---------- Source information ----------

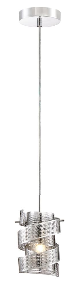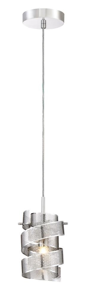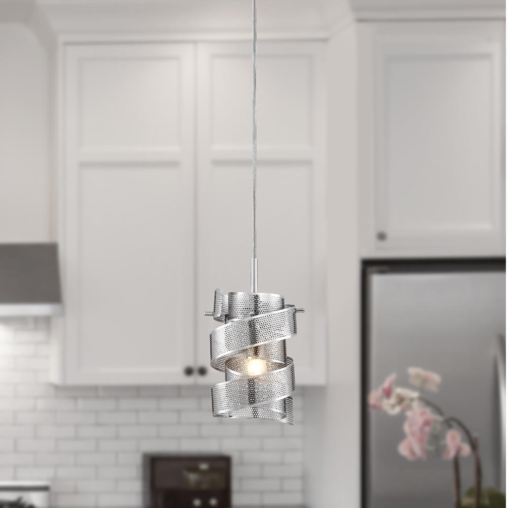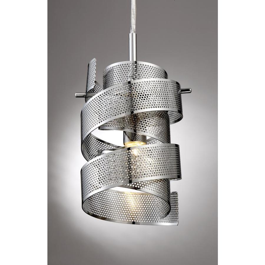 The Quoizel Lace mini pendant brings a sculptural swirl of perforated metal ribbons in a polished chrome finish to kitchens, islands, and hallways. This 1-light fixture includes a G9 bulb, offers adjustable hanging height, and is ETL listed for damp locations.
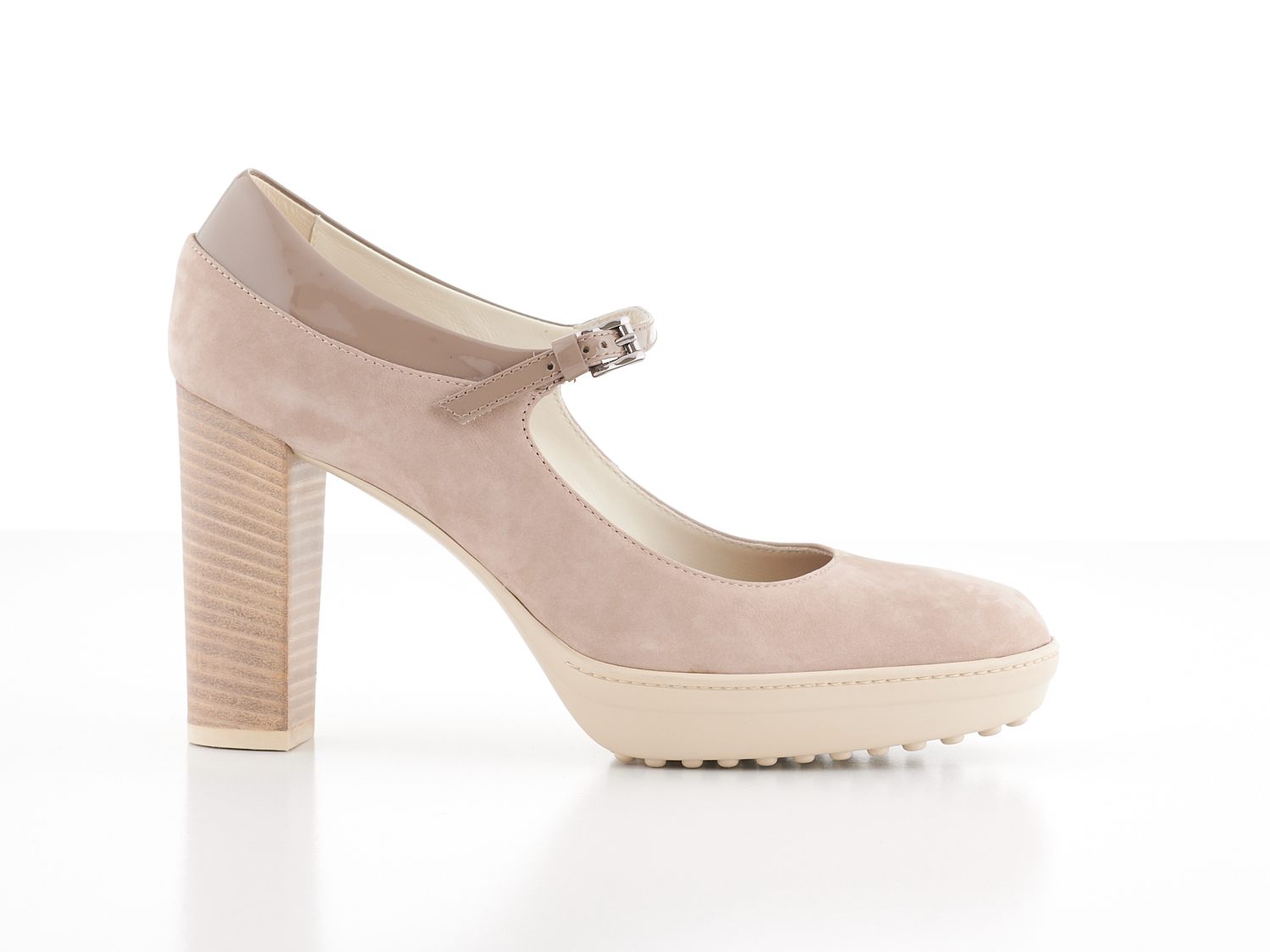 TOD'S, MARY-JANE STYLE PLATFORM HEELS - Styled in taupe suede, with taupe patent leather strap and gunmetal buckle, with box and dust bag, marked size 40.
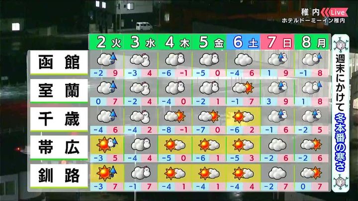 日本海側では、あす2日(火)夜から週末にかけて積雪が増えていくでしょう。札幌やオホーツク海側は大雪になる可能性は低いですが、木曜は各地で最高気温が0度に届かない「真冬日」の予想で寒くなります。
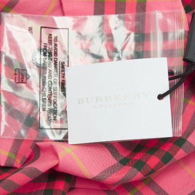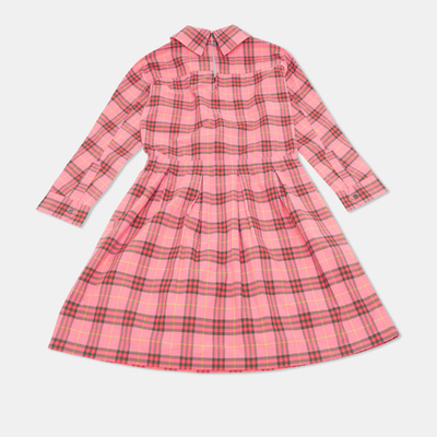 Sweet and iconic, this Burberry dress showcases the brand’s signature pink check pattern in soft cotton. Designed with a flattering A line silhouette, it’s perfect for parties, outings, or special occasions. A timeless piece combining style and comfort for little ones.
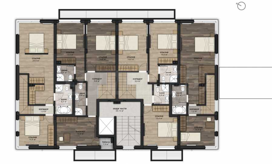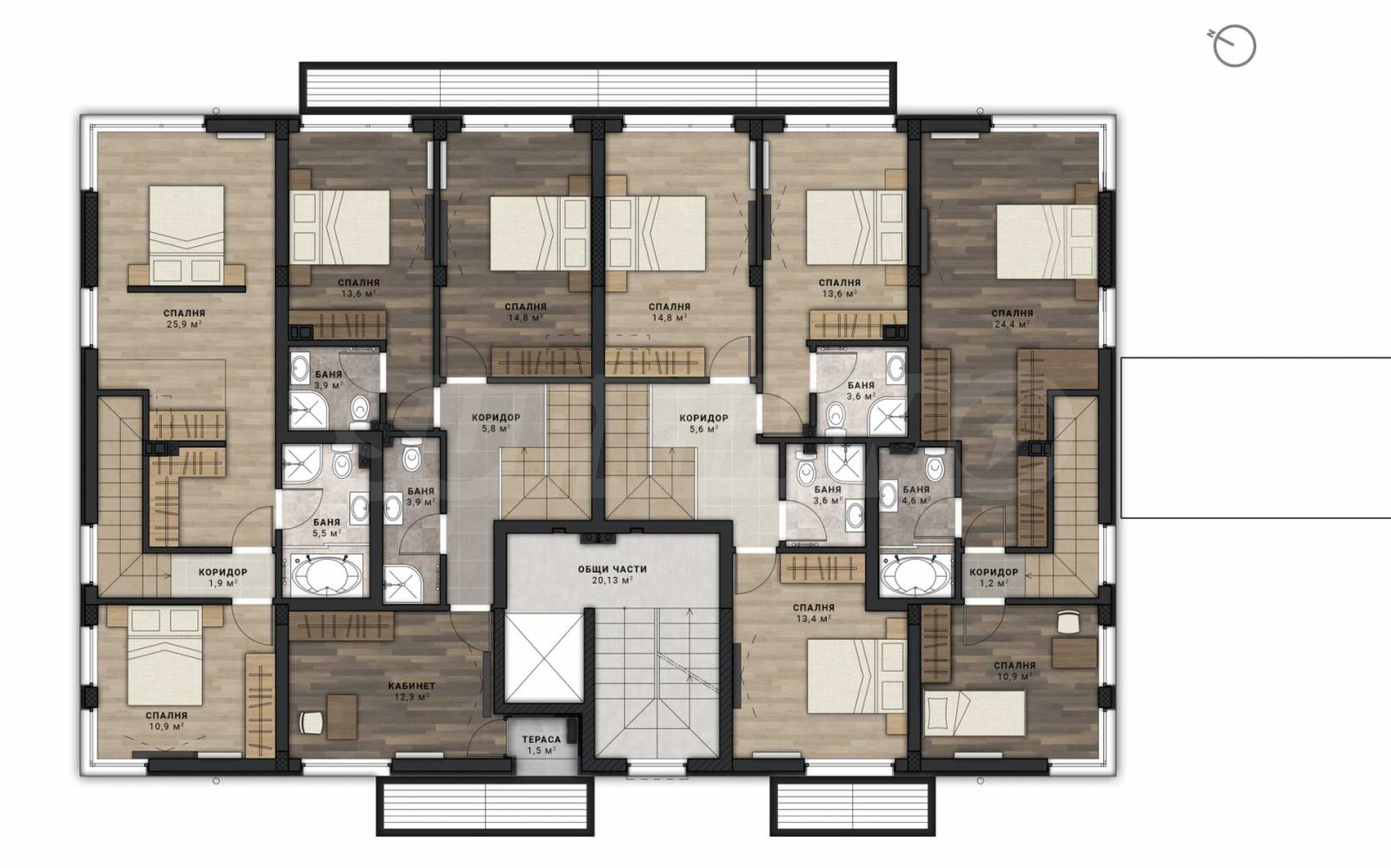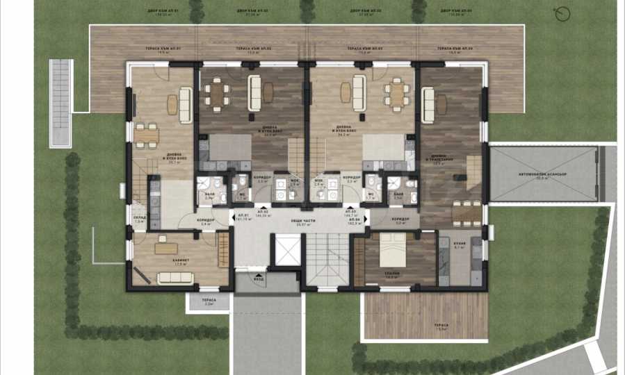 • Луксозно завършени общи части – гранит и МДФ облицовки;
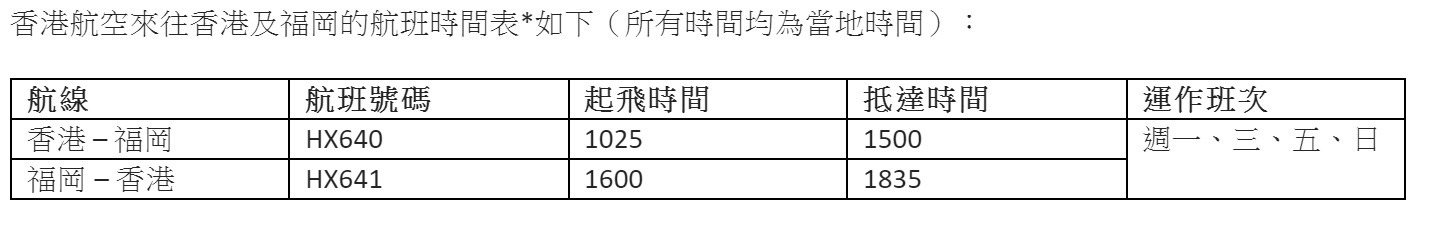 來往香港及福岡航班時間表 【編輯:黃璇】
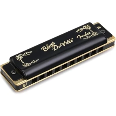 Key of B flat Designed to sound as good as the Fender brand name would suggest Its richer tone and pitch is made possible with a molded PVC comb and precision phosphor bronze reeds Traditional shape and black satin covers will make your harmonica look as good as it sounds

----------

Problem description
Repeat all the records above exactly, leaving out any pictures.

Solution to this problem
 The Quoizel Lace mini pendant brings a sculptural swirl of perforated metal ribbons in a polished chrome finish to kitchens, islands, and hallways. This 1-light fixture includes a G9 bulb, offers adjustable hanging height, and is ETL listed for damp locations.
 TOD'S, MARY-JANE STYLE PLATFORM HEELS - Styled in taupe suede, with taupe patent leather strap and gunmetal buckle, with box and dust bag, marked size 40.
 日本海側では、あす2日(火)夜から週末にかけて積雪が増えていくでしょう。札幌やオホーツク海側は大雪になる可能性は低いですが、木曜は各地で最高気温が0度に届かない「真冬日」の予想で寒くなります。
 Sweet and iconic, this Burberry dress showcases the brand’s signature pink check pattern in soft cotton. Designed with a flattering A line silhouette, it’s perfect for parties, outings, or special occasions. A timeless piece combining style and comfort for little ones.
 • Луксозно завършени общи части – гранит и МДФ облицовки;
 來往香港及福岡航班時間表 【編輯:黃璇】
 Key of B flat Designed to sound as good as the Fender brand name would suggest Its richer tone and pitch is made possible with a molded PVC comb and precision phosphor bronze reeds Traditional shape and black satin covers will make your harmonica look as good as it sounds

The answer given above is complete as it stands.